Exercise brief
Lines from the one with "軽やかに広がるミニ丈のシルエ" up to and including the one with "- Прогулочные аллеи, экотроп" are to be copied exactly from the records below, without their pictures.

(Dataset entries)
● ● ● ● ● ● ●

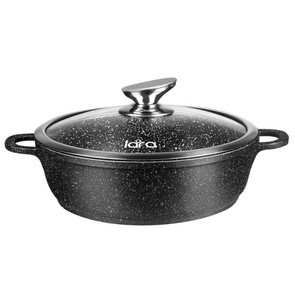 Сотейник LARA LR02-212 Rio может заменить сразу несколько видов посуды: в нем можно жарить, варить, тушить или томить блюдо, а благодаря высоким стенкам в 70 мм перемешивать ингредиенты окажутся очень удобно. Изготовлен сотейник из литого алюминия, ему не страшны самые высокие температуры, а антипригарное покрытие облегчит процесс ухода за посудой и позволит сэкономить на масле при жарке. LARA LR02-212 Rio можно использовать для готовки на индукционных плитах, диаметр его -28 cм, а объем – 3.4 л.
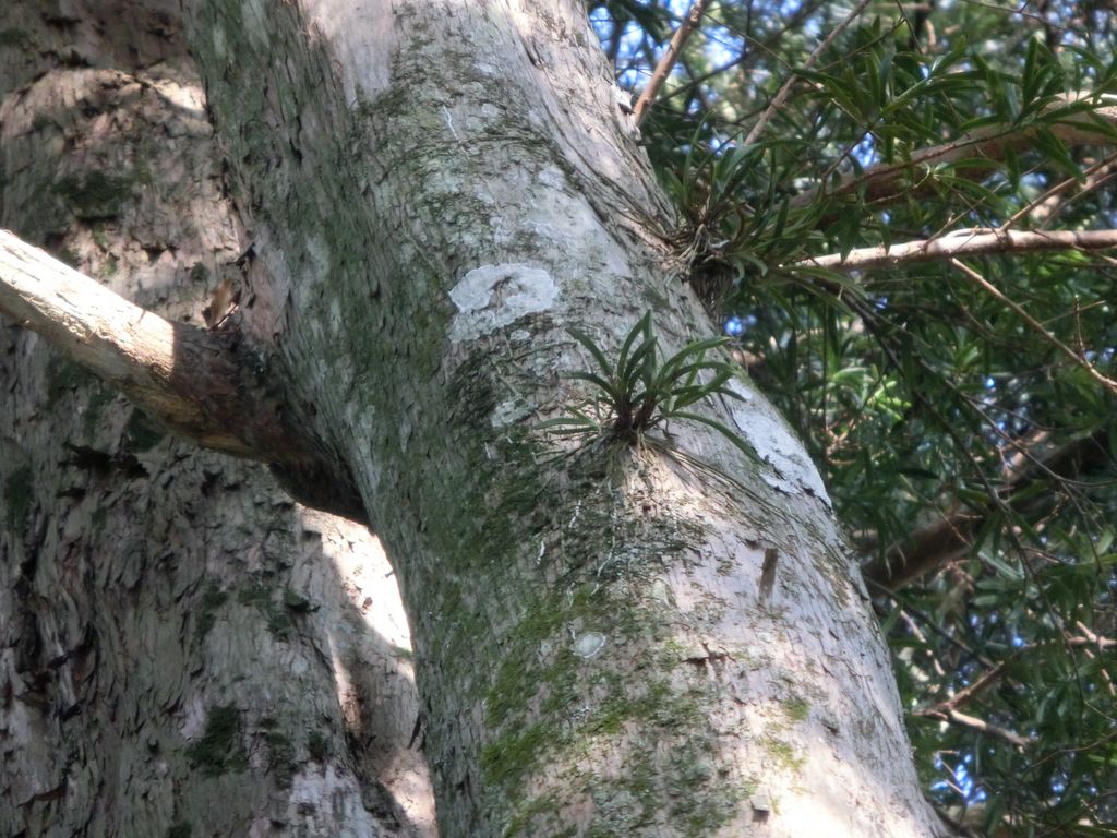 すると、7~8mほどの高さの所に、何やら着生しているものを見つけました。ノキシノブのようにも見えますが、
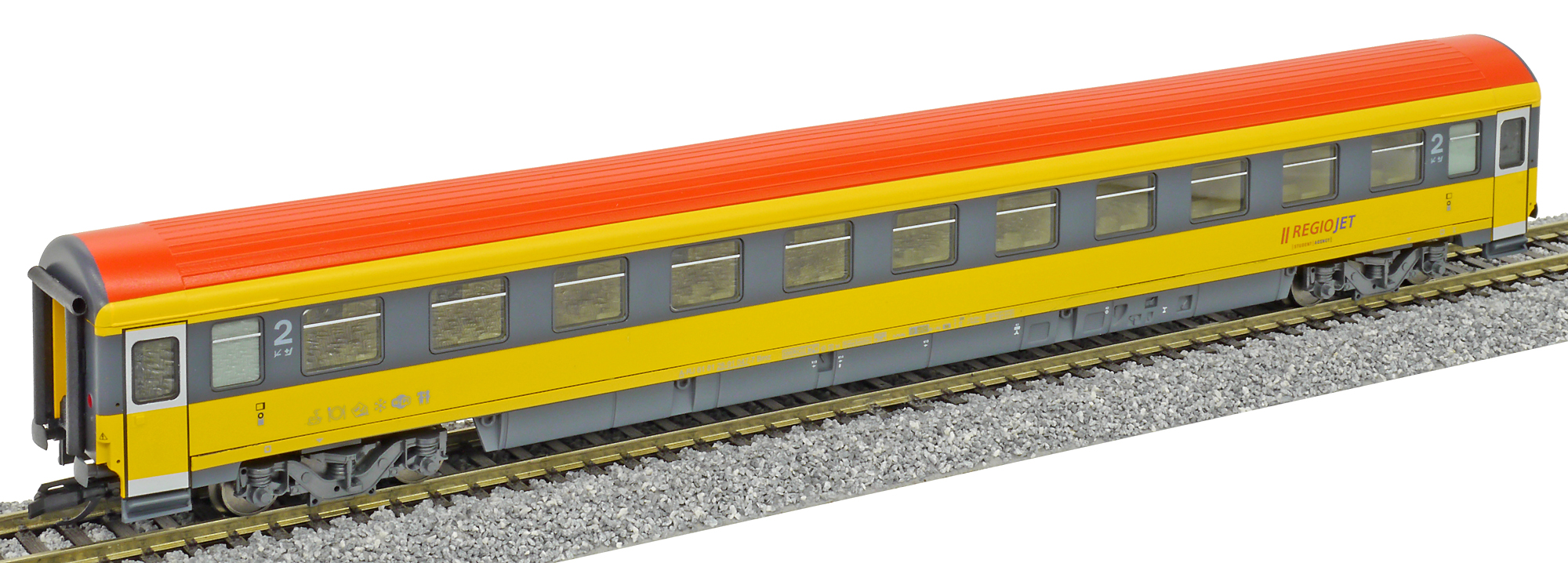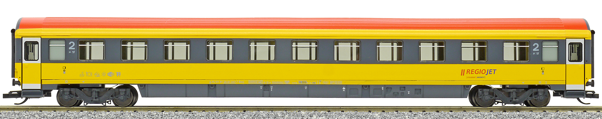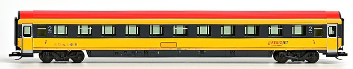 | rychlíkový vůz v barvách „RegioJet“ 2. tř. |
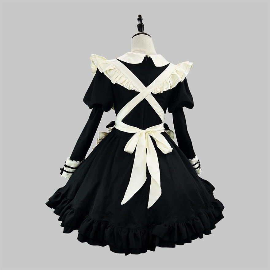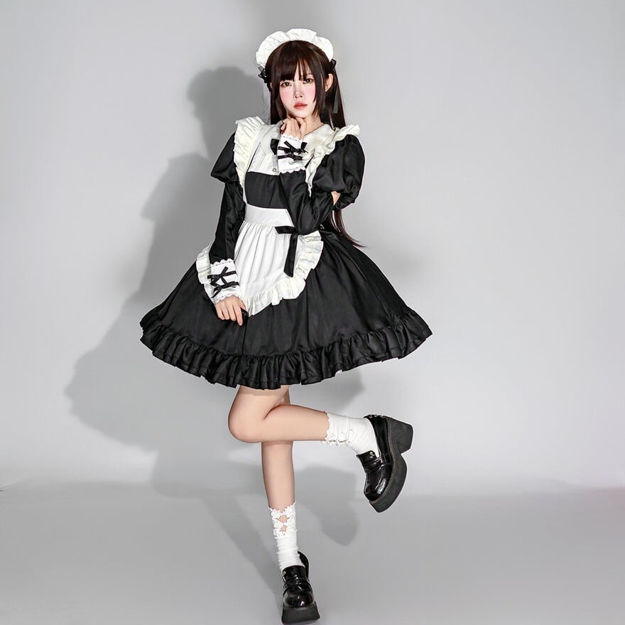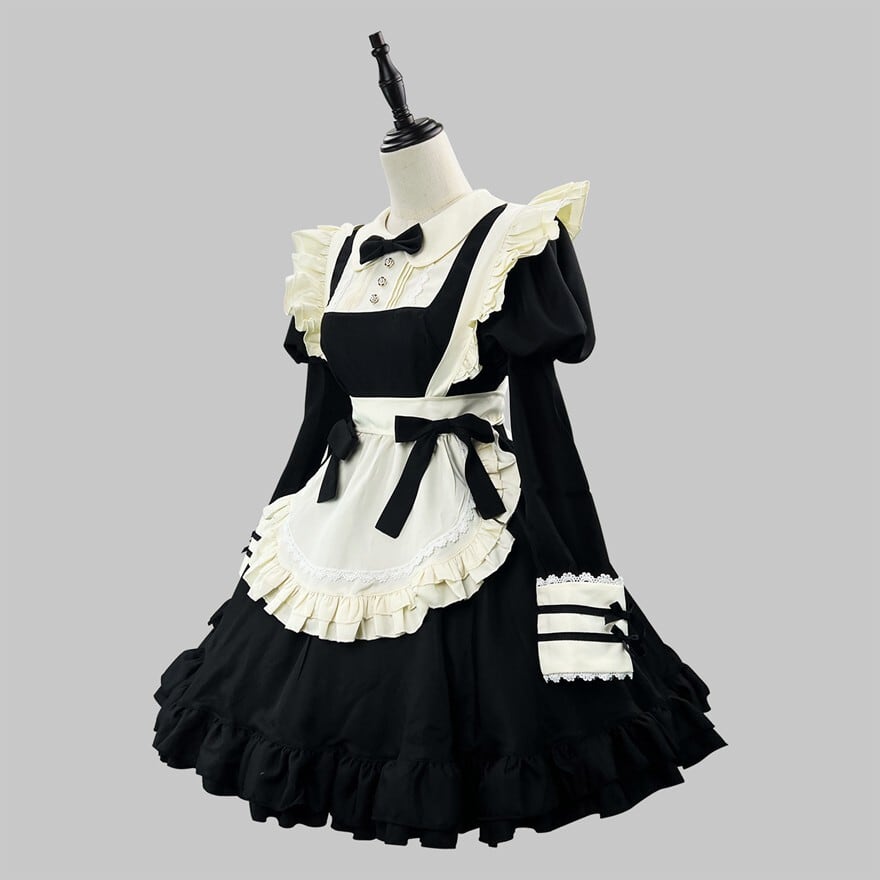 軽やかに広がるミニ丈のシルエットに、白いフリルエプロンが重なることで、動きの中に可憐さと整った印象が生まれる一着です。胸元のリボンや袖口のディテールが全体を引き締め、黒と白の対比が輪郭を際立たせます。コンカフェや撮影の場で、軽快さとクラシカルな空気を同時に纏えます。
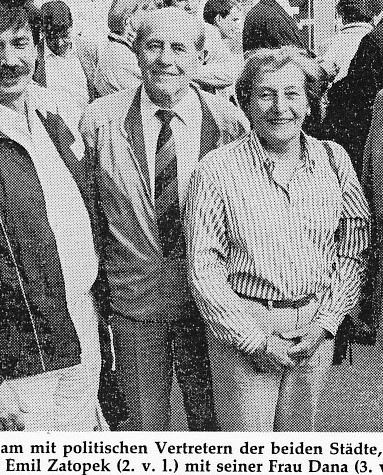 Als Ehrengäste dabei: Emil Zátopek und seine Frau Dana, 1952 ebenfalls Olympiasiegerin im Speerwurf. Ihr Ruhm war auch mehr als drei Jahrzehnten nach ihren sportlichen Erfolgen nicht verblasst. Ich lernte beide jedoch als umgängliche und bescheidene Menschen kennen. Sie stellten nicht sich in den Vordergrund, sondern die Idee, die sie unterstützten.
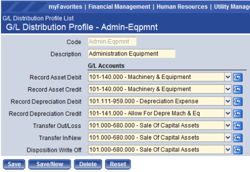 The G/L Distribution Profiles page is where G/L Accounts are defined for each type of asset, depending on how many capital asset accounts are defined in the General Ledger. These profiles will determine what accounts are used for any transaction associated to assets in the Asset Management module. When setting up an asset, an authorized user will assign the appropriate G/L Distribution Profile to the asset.
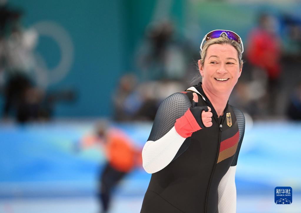 2月5日,德国队选手克劳迪娅·佩希施泰因在速度滑冰女子3000米决赛后。新华社记者武巍摄
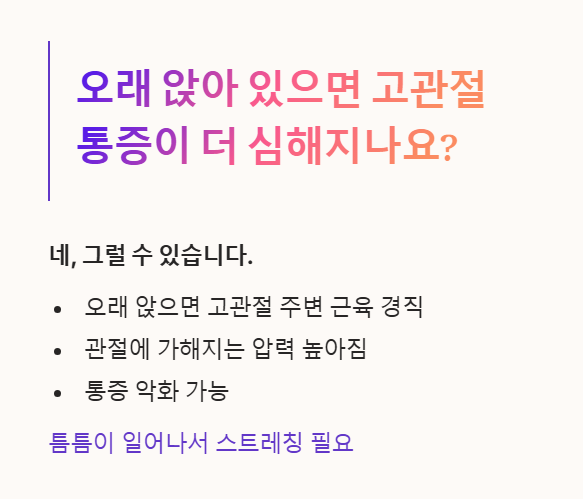 - 오래 앉아 있으면 고관절 주변 근육이 경직되고 관절에 가해지는 압력이 높아져 통증이 악화될 수 있어요.
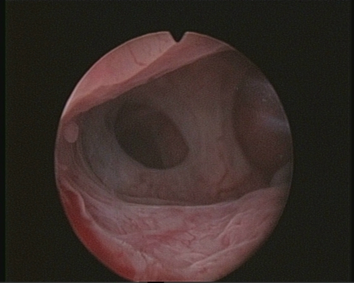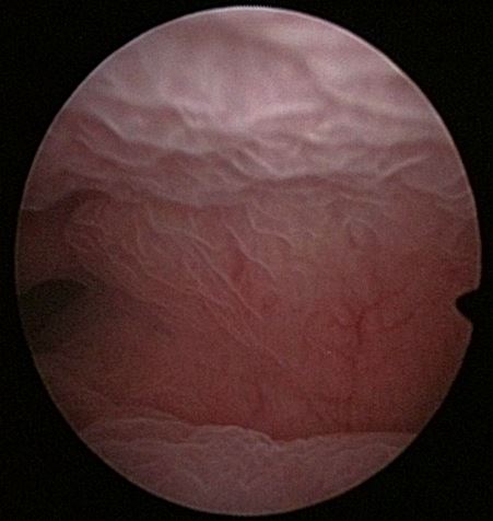 The uterine cavity is a virtual cavity that needs to be relaxed for proper hysteroscopic evaluation. Distension of the uterine cavity is directly related to the intracavitary pressure of the distension media used and the presence of factors that alter the normal myometrial distention capacity, such as presence of fibroids or multiparity.
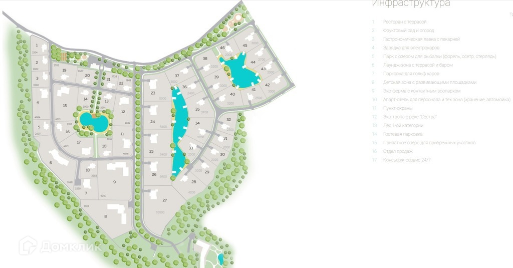 - Прогулочные аллеи, экотропа к реке Сестре, детские площадки.
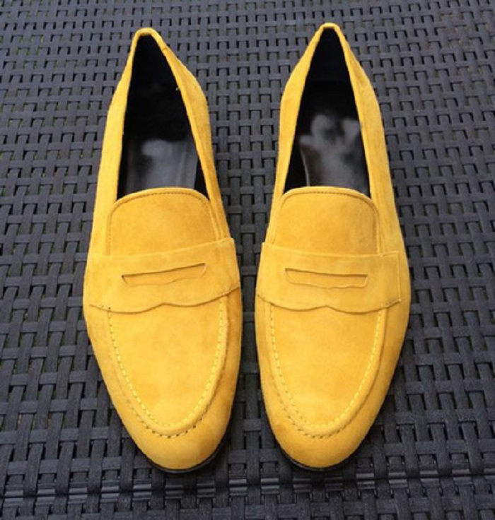 Mens Formal Design Handmade Yellowish Suede Penny Loafers SlipsOn Moccasin Shoes
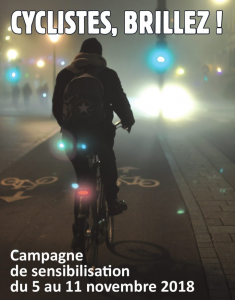 Gennevilliers : action de sensibilisation avec distribution de catadioptres. De 18h à 19h au niveau de la station de métro les Agnettes. Puis de 19h à 20h déambulation lumineuse avec pour finir un apéro tiré du sac ! S’inscrire à l’évènement sur Facebook.
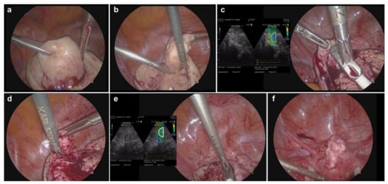 - Ota, Y.; Ota, K.; Takahashi, T.; Suzuki, S.; Sano, R.; Shiota, M. New surgical technique of laparoscopic resection of adenomyosis under real-time intraoperative ultrasound elastography guidance: A case report. Heliyon 2020, 6, e04628. [Google Scholar] [CrossRef]
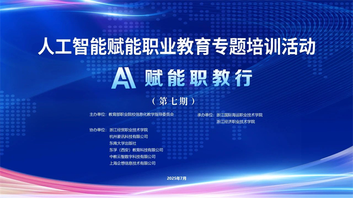 2025年7月31日—8月1日,由教育部职业院校信息化教学指导委员会主办,浙江国际海运职业技术学院和浙江经济职业技术学院承办,浙江经贸职业技术学院、东南大学出版社等单位联合协办的“人工智能赋能职业教育专题培训活动(第七期)——AI赋能职教行”在浙江舟山顺利举办。
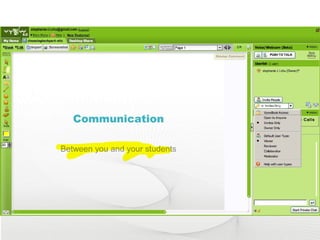 The document discusses various methods for communicating with students in online courses. It suggests using tools that students are familiar with and can integrate with each other to enable student engagement and contributions. Some synchronous communication methods mentioned include video conferencing platforms for guest speakers or live office hours. Asynchronous methods include course blogs for sharing content and course wikis for less structured discussions. Embedded chat within existing course sites is also suggested for real-time question and answer sessions.
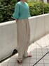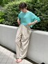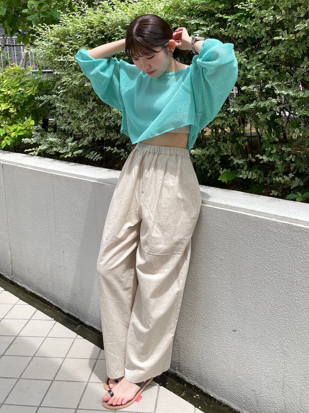 夏のターコイズブルーコーデ🫐 《IG: @shion_tada_の投稿詳細》 【パンツ】 ラフに履けるパンツ。フリーサイズですが、152センチでフラットサンダル合わせだとピッタリ地面につくくらいでした! 小柄さんは厚底スニーカーや厚底サンダル合わせでも⭕️ 【メッシュトップス】 冷房や日焼け対策にもバッチリなトップスです✨ 袖部分もたぽっとしてるシルエットが可愛いですよね🤎 二の腕もカバーしてくれます! 透け感も絶妙で、152センチで丈感はおへそくらいでした! 【サンダル】 Mサイズ着用してます! 足幅広めの私でも履き心地抜群でした! 足も疲れにくかったです! 【インナー】 二色買いしました!華奢な紐のキャミ🪢 下着のラインが見えてしまうお洋服でも、これを着れば大丈夫◎✨ もってて損なしなパット付きキャミ!
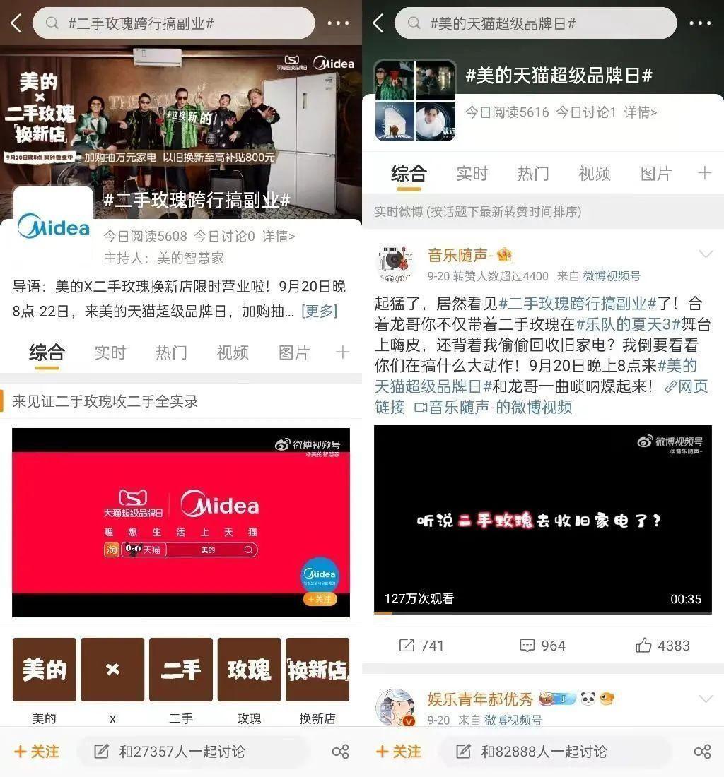 数据表现方面:截止到10月12日,品牌微博话题“美的天猫超级品牌日”阅读量已经超过1.4亿,互动量超过29万。其中,9月21日阅读量超过3443万,数据表现为近30天最佳。另一主要传播话题“二手玫瑰跨行搞副业”阅读量超过4亿,互动量超过21万,9月20日当天话题阅读量超过1.8亿,互动量超过11万。
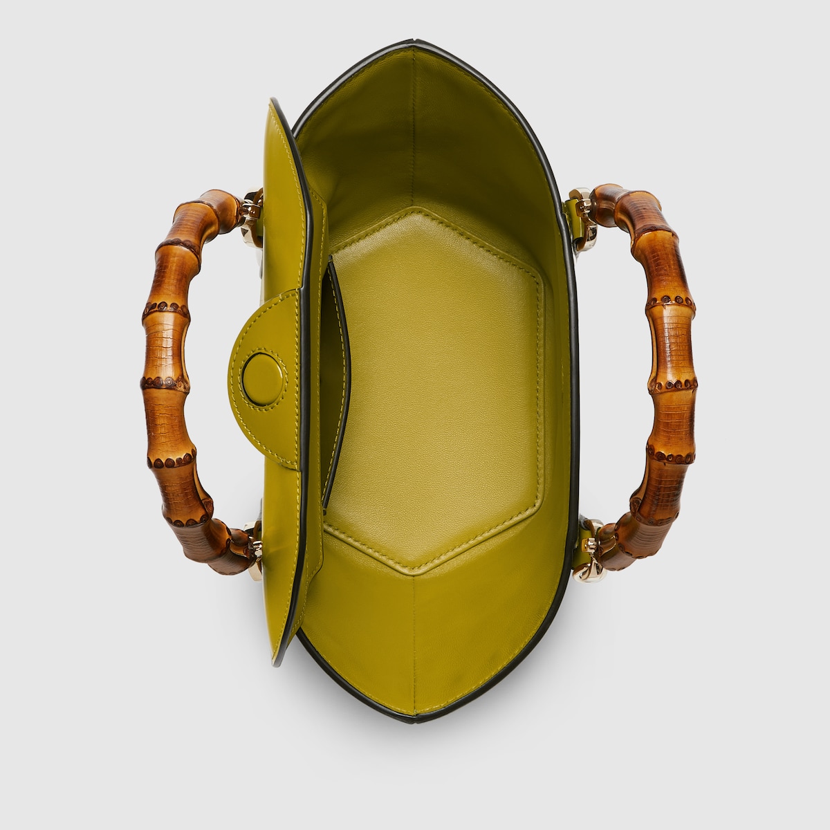 Introducing a bamboo top handle bag, this style from the women’s Fall Winter 2024 runway blends the House’s expert craftsmanship with its iconic motif. The basket-shaped bag reveals a hexagonal base, highlighting its artisanal construction. The mini size in pistacchio green is complete with a detachable shoulder strap.
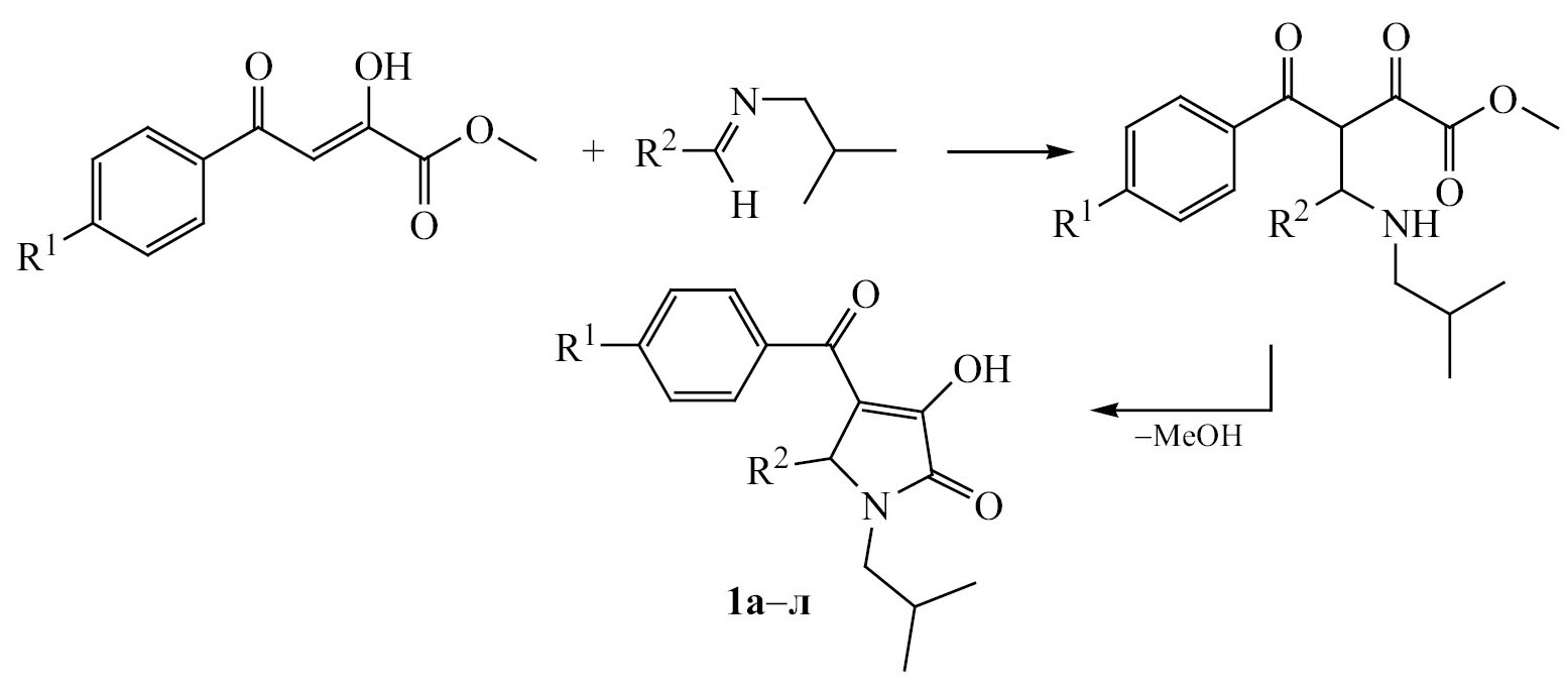 Соединения 1а–л в реакции с хлоридом железа(III) дают характерное вишневое окрашивание, что наряду с данными спектров подтверждает их существование преимущественно в енольной форме. На основании литературных данных [1] можно предположить, что реакция протекает с образованием промежуточного основания Шиффа, по двойной связи которого присоединяется исходный эфир с последующей циклизацией промежуточного эфира 4-арил-3-ароил-4-изобутиламино-2-оксобутановой кислоты в соответствующие 3-гидрокси-3-пирролин-2-оны 1а–л (схема 2).

● ● ● ● ● ● ●

Output for this exercise
 軽やかに広がるミニ丈のシルエットに、白いフリルエプロンが重なることで、動きの中に可憐さと整った印象が生まれる一着です。胸元のリボンや袖口のディテールが全体を引き締め、黒と白の対比が輪郭を際立たせます。コンカフェや撮影の場で、軽快さとクラシカルな空気を同時に纏えます。
 Als Ehrengäste dabei: Emil Zátopek und seine Frau Dana, 1952 ebenfalls Olympiasiegerin im Speerwurf. Ihr Ruhm war auch mehr als drei Jahrzehnten nach ihren sportlichen Erfolgen nicht verblasst. Ich lernte beide jedoch als umgängliche und bescheidene Menschen kennen. Sie stellten nicht sich in den Vordergrund, sondern die Idee, die sie unterstützten.
 The G/L Distribution Profiles page is where G/L Accounts are defined for each type of asset, depending on how many capital asset accounts are defined in the General Ledger. These profiles will determine what accounts are used for any transaction associated to assets in the Asset Management module. When setting up an asset, an authorized user will assign the appropriate G/L Distribution Profile to the asset.
 2月5日,德国队选手克劳迪娅·佩希施泰因在速度滑冰女子3000米决赛后。新华社记者武巍摄
 - 오래 앉아 있으면 고관절 주변 근육이 경직되고 관절에 가해지는 압력이 높아져 통증이 악화될 수 있어요.
 The uterine cavity is a virtual cavity that needs to be relaxed for proper hysteroscopic evaluation. Distension of the uterine cavity is directly related to the intracavitary pressure of the distension media used and the presence of factors that alter the normal myometrial distention capacity, such as presence of fibroids or multiparity.
 - Прогулочные аллеи, экотропа к реке Сестре, детские площадки.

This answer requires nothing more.